The first term is the expected log-likelihood under $q_\phi$ ; the second is the KL between the surrogate and the prior, acting as regularization toward the prior. The two terms are estimated by Monte-Carlo over $S$ samples $\theta^{(s)} \sim q_\phi$ (the num_particles argument). EnsembleVI exposes a kl_weight β that scales the KL term — $\beta = 1$ recovers the standard ELBO, $\beta < 1$ gives a cold posterior tempering that often improves predictive calibration on neural-scale models (Wenzel et al., 2020).

MAP versus VI in one line — Dirac vs Gaussian per member¶

EnsembleMAP and EnsembleVI differ only in what each member fits. MAP fits a point estimate per member and treats the ensemble as a uniform mixture of $E$ Dirac masses,

q_{\text{MAP}}(\theta) \;=\; \frac{1}{E}\sum_{e=1}^E \delta\!\bigl(\theta - \hat\theta_e\bigr).

((5))

VI fits a mean-field Gaussian surrogate $q_{\phi_e}(\theta) = \prod_k \mathcal{N}(\theta_k \mid \mu_{e,k}, \sigma_{e,k}^2)$ per member and treats the ensemble as a mixture of $E$ Gaussians,

q_{\text{VI}}(\theta) \;=\; \frac{1}{E}\sum_{e=1}^E q_{\phi_e}(\theta).

((6))

Posterior-predictive Monte Carlo and variance decomposition¶

Predictions for a fresh input $x^*$ come from the posterior predictive

p(y^* \mid x^*, \mathcal{D}) \;=\; \int p(y^* \mid x^*, \theta)\,p(\theta \mid \mathcal{D})\,\mathrm{d}\theta.

((7))

For the ensemble surrogates above, this collapses to a Monte-Carlo estimator over the relevant axes:

\widehat p_{\text{MAP}}(y^* \mid x^*) \;=\; \frac{1}{E}\sum_{e=1}^E p\bigl(y^* \mid x^*, \hat\theta_e\bigr),\qquad \widehat p_{\text{VI}}(y^* \mid x^*) \;=\; \frac{1}{E S}\sum_{e=1}^E\sum_{s=1}^S p\bigl(y^* \mid x^*, \theta^{(e,s)}\bigr),\quad \theta^{(e,s)} \sim q_{\phi_e}.

((8))

The MAP estimator iterates over $E$ point masses; the VI estimator iterates over $E \times S$ samples drawn from the variational surrogates.
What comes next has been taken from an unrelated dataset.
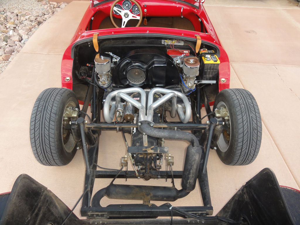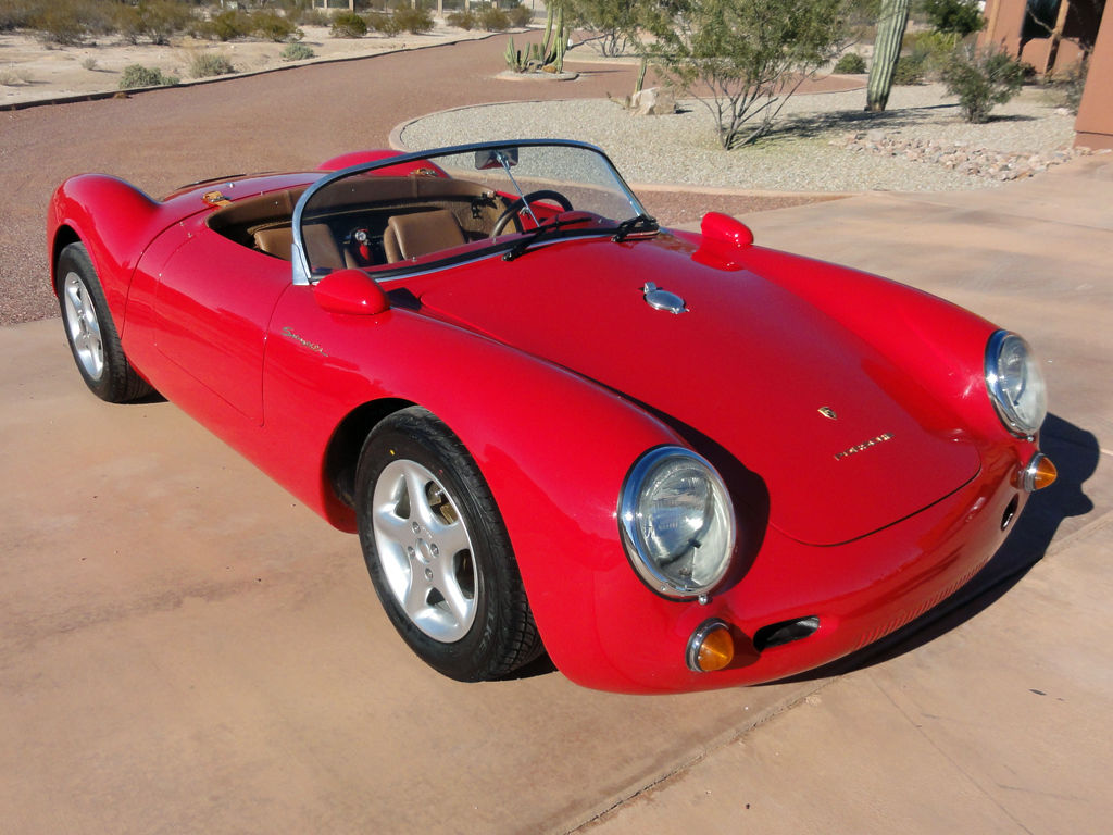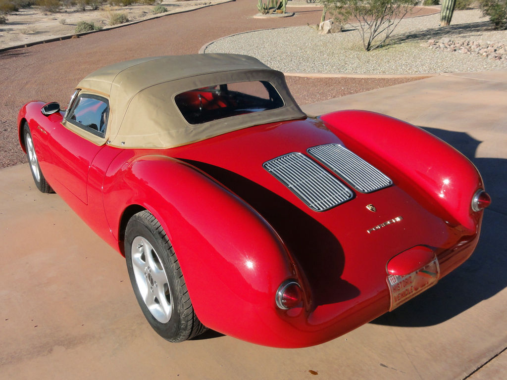 Beck replica of 1955 Porsche 550 Spyder. built in 2007. Indicated reading on the odometer is actually kilometers and not miles. Less than 2300 km/1430 miles. This vehicle has been seldom driven over the past 7+ years; and always garaged when not being driven on a trip. Original owner. Purchased in 2007 from Special Edition. who uses the original Beck design which is the best replica made of this classic car and matches the original DOM tube side frame and chassis design. Beautifully made car. This is not a cheaper copy using a cage frame or VW pan conversion. Fun car to drive and a real eye catcher. Pictures of the ID plates (one on door jamb and one under the hood). This is unit #978. The letters stamped on the under hood plate are the assemblers. The "CH" is for Carey Hines. currently VP at Special Edition. For history buffs and purists. Chuck Beck is the original developer of these most wanted replicas of the 550 Spyder. Some call it the "golden standard" for this car replica as it most closely matches the original Porsche design built in the early 1950s for motorsport competition. The 1950s originals were all aluminum bodies; and these replicas are fiberglass. Beck started making them in California in the early 1980s. In the 1990s the California tooling was sold to Thunder Ranch; and Chuck Beck and Kevin Hines (Carey Hines' father) became partners and built a new factory in Brazil. Chamonix Karosserie. to build the body and chassis. Final assembly of the cars is done by Special Edition in Indiana. Hence you will see the Chamonix logo on all current versions of a true "Beck". You may find companies which build versions that look like a Beck. but they are only licensed to do so. Custom built 1985cc VW-based Type-1 engine with 90mm bore x 78mm stroke. All new components. not just simply a rebuilt engine. Dual Weber 44 IDF carbs with electric fuel pump. MSD 6A ignition and 12V alternator. High Flow 044 Heads with Engle W110 camshaft and lightened flywheel. Custom 4-into-1 exhaust with triple resonators for better exhaust flow and lower sound level than the typical 4-into-2-into-1 setup. Design power output approximately 130 hp. This car was built to install EFI. so there is a fuel tank return line to the engine bay and a bung on the exhaust header for an O2 sensor. For a few years. I actually ran with EFI; but found that it was more trouble to keep tuned than a good pair of Webers. Engine is very dry with no significant oil leaks. Completely remanufactured 4-speed transaxle by Wright Gearbox with 4. 12 final drive. Unique Indio Red (also known as Bahia Red) exterior color with Whiskey Tan interior. Gold colored Porsche badges. Racing mirrors on both sides. Disk brakes on all four wheels. The front and rear rotors are drilled for a 4x100 bolt circle with standard 12mm studs. The rotors are not made to take advantage of hub-centric wheels. Borbet alloy wheels are 14x6 with a 38 offset and use conical seat lug nuts. Falken Ziex 195/60R14 tires. Ground clearance is about 2-inches with the driver. For street use or bumpy roads the suspension can be adjusted for higher clearance. I had to jack up the car just to get a camera underneath! Prepared to compete in SCCA Solo autocross competition classes under either DM or EM (with added ballast). Master power switch behind passenger seat. Also included is a removable 3-point roll bar built to SCCA autocross specifications with a custom tan tonneau cover that fits around the bars. Roll bar mounts onto two stubs welded to the 3-inch DOM frame behind the seats with a cross brace to a threaded floor plate in front of the passenger seat. A passenger can still slide their way into the passenger seat with the roll bar in place; but it is not comfortable. Mounting bolts included. Complete with removable tan canvas top and side screens. Top is like new and has never been used on a road trip. Front trunk designed to hold the top. side curtains and tonneau cover inside the lower nose section. The first picture shows the "fluted" glass Porsche style headlight covers currently on the car. Other pictures taken at various times over the past 9 months. Under body has various places where the paint has been knocked off the black colored fiberglass. but there are no holes. deep cuts or cracks. There is a build up of dirt in the adhesive seam between the upper unibody and the belly plate. but no rust is possible. Approximately 2300 km of total use. Professional appraisal done in 2009 resulted in a $36. 50 value. Current list price for a new turn-key version like this one from Special Edition is over $38000. Vehicle has always been stored inside a garage when not driven. The cockpit is quite snug. and some people might not actually fit comfortably into this small car. So. I added photos of the basic dimensions for the driver's seat. pedals. steering wheel and top of windshield (all measurements in inches with seat at its farthest back position). Seat can be moved with a release lever up to 2-inches forward. The back of the seat to the pedals dimension is for the clutch from further released to fully depressed. I have had several people drive this car OK over the years; and have yet to encounter somebody too tall or too wide to fit. I am 5-8. 200 lbs with 38 waist and fit fine with the seat fully forward. Just wanted to alert anybody over 6-feet tall. over 200 lbs. and waist over 40-inches to check the measurements against your current car. Bidder is responsible for making sure they can fit into the seat and operate the controls properly. If you have other questions about the builder or the pricing for a new model. google "beckspeedster" to find Special Edition's website. You can find more pictures and details by asking for a direct link to a web page. -----------------------------------------------------------------------------------------Vehicle is titled in Arizona as a 1955 Porsche Special Construction. Title allows the car to be exempt from emissions inspection an

By the law of total variance,

\mathrm{Var}\bigl[y^* \mid x^*, \mathcal{D}\bigr] \;=\; \underbrace{\mathbb{E}_{q(\theta)}\!\bigl[\mathrm{Var}(y^* \mid \theta)\bigr]}_{\text{aleatoric}} \;+\; \underbrace{\mathrm{Var}_{q(\theta)}\!\bigl[\mathbb{E}(y^* \mid \theta)\bigr]}_{\text{epistemic}}.

((9))

For a Gaussian likelihood $\mathcal{N}(f_\theta(x^*), \sigma^2)$ , the aleatoric term is just $\sigma^2$ — constant in $x^*$ . For a MAP ensemble, the epistemic variance is the between-member spread $\frac{1}{E}\sum_e (f_{\hat\theta_e}(x^*) - \bar f(x^*))^2$ . For a VI ensemble, the epistemic variance has two contributions: between-member spread and within-member spread (because each $q_{\phi_e}$ has nonzero variance), so the predictive bands are wider — especially in extrapolation regions where $f_\theta$ ’s output depends sensitively on weights that the data didn’t constrain.

Setup¶

import subprocess
import sys


try:
    import google.colab  # noqa: F401

    IN_COLAB = True
except ImportError:
    IN_COLAB = False

if IN_COLAB:
    subprocess.run(
        [
            sys.executable,
            "-m",
            "pip",
            "install",
            "-q",
            "pyrox[colab,optax] @ git+https://github.com/jejjohnson/pyrox@main",
        ],
        check=True,
    )

import warnings


warnings.filterwarnings("ignore", message=r".*IProgress.*")

import time

import equinox as eqx
import jax
import jax.numpy as jnp
import jax.random as jr
import matplotlib.pyplot as plt
import numpy as np
import numpyro
import numpyro.distributions as dist
import optax
from jax.scipy.special import logsumexp
from numpyro.infer import Predictive
from numpyro.infer.autoguide import AutoNormal

from pyrox.inference import (
    EnsembleMAP,
    EnsembleVI,
    ensemble_predict,
)


jax.config.update("jax_enable_x64", True)

import importlib.util


try:
    from IPython import get_ipython

    ipython = get_ipython()
except ImportError:
    ipython = None

if ipython is not None and importlib.util.find_spec("watermark") is not None:
    ipython.run_line_magic("load_ext", "watermark")
    ipython.run_line_magic(
        "watermark",
        "-v -m -p jax,equinox,numpyro,optax,pyrox,matplotlib",
    )
else:
    print("watermark extension not installed; skipping reproducibility readout.")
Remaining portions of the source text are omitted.